The idea of a synthetic eurozone bond is likely to draw a rebuff from Chancellor Angela Merkel’s conservatives

Newsroom January 19 10:46

German Chancellor Angela Merkel will travel to Paris on Friday (19 January) for a working meeting with President Emmanuel Macron to discuss the future of Europe, the French leader’s office said.

France wants to inject new momentum into the two countries’ European Union reform efforts, which have been stalled by Merkel’s taxing coalition government talks at home.

Before travelling to Paris, Merkel will meet IMF chief Christine Lagarde in Berlin on Friday.

The Macron-Merkel meeting will take place a day after Germany’s acting Finance Minister Peter Altmaier, one of Merkel’s closest allies, meets his French counterpart Bruno Le Maire in Paris. They are expected to discuss how to improve governance of the 19-member single currency bloc.

Altmeier has played up the chances of progress toward a banking union that is considered necessary to shield the eurozone from future crises. But speaking after meeting Eurogroup head Mario Centeno of Portugal in Berlin this week, Altmaier declined to give a timeline, saying that Germany wanted clarity on risk sharing and risk reduction.

“In the last two Eurogroup meetings, we agreed to try to come to a common understanding over the next few weeks about what we mean by risk reduction and what steps are needed for this,” said Altmaier.

Meanwhile, leading economists from France and Germany weighed in on Wednesday on the politically heated debate about making the eurozone more resilient by calling for new fiscal rules and the creation of a virtual euro-area “safe asset”.

The proposals are meant to bridge German demands for more fiscal discipline and France’s insistence on more risk-sharing and help the two biggest eurozone economies drive the reform efforts forward.

“These reform efforts can only succeed if Germany and France pull together,” said Marcel Fratzscher from the DIW economic institute, one of the authors of the 33-page policy paper. “2018 is the year in which these reforms must be tackled.”

The 14 economists from France and Germany call for an overhaul of euro area fiscal rules, the creation of an independent fiscal watchdog, a joint eurozone fund and a new, synthetic “safe asset” that offers investors an alternative to sovereign bonds.

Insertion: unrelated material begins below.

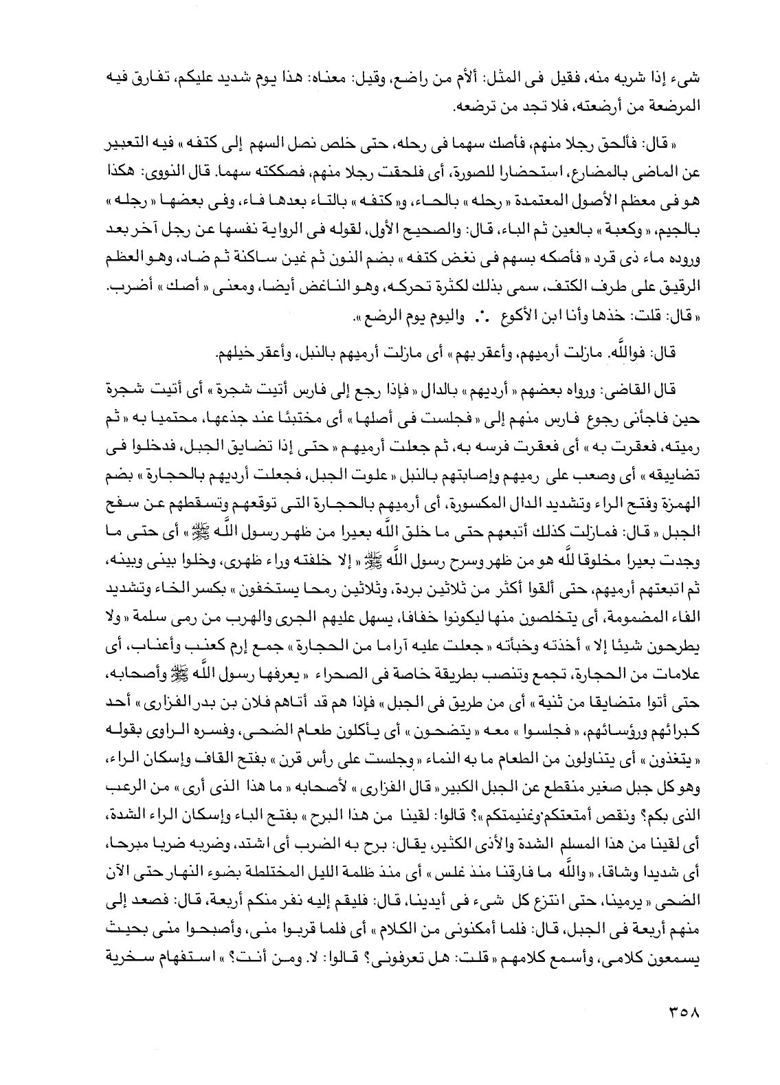 "قال: فألحق رجلا منهم، فأصك سهما في رحله، حتى خلص نصل السهل إلى كتفه" فيه التعبير عن الماضي بالمضارع، استحضارا للصورة، أي فلحقت رجلا منهم، فصككته سهما. قال النووي: هكذا هو في معظم الأصول المعتمدة "رحله" بالحاء، و"كتفه" بالتاء بعدها فاء، وفي بعضها "رجله" بالجيم، "وكعبة" بالعين ثم الباء، قال: والصحيح الأول، لقوله في الرواية نفسها عن رجل آخر بعد وروده ماء ذي قرد "فأصكه بسهم في نغض كتفه" بضم النون ثم غين ساكنة ثم ضاد، وهو العظم الرقيق على طرف الكتف، سمي بذلك لكثرة تحركه، وهو الناغض أيضا، ومعنى "أصك" أضرب.

It would effectively be a derivative of weighted sovereigns.

“Implementing these reforms would be a game-changer for the eurozone, significantly improving its financial stability, political cohesion and potential for delivering prosperity to its citizens, all while addressing the priorities and concerns of the participating countries,” the economists said.

“Our leaders should not settle for less,” said the experts, who include Ifo institute president Clemens Fuest and Jean Pisani-Ferry, a former adviser to French President Emmanuel Macron.

The economists want to replace current fiscal rules, which focuses on the structural deficit, by an expenditure rule and a long-term debt-reduction target.

“A rule of this type is both less error-prone than the present rules and more effective in stabilizing economic cycles, since cyclical changes in revenue do not need to be offset by changes in expenditure,” the group said.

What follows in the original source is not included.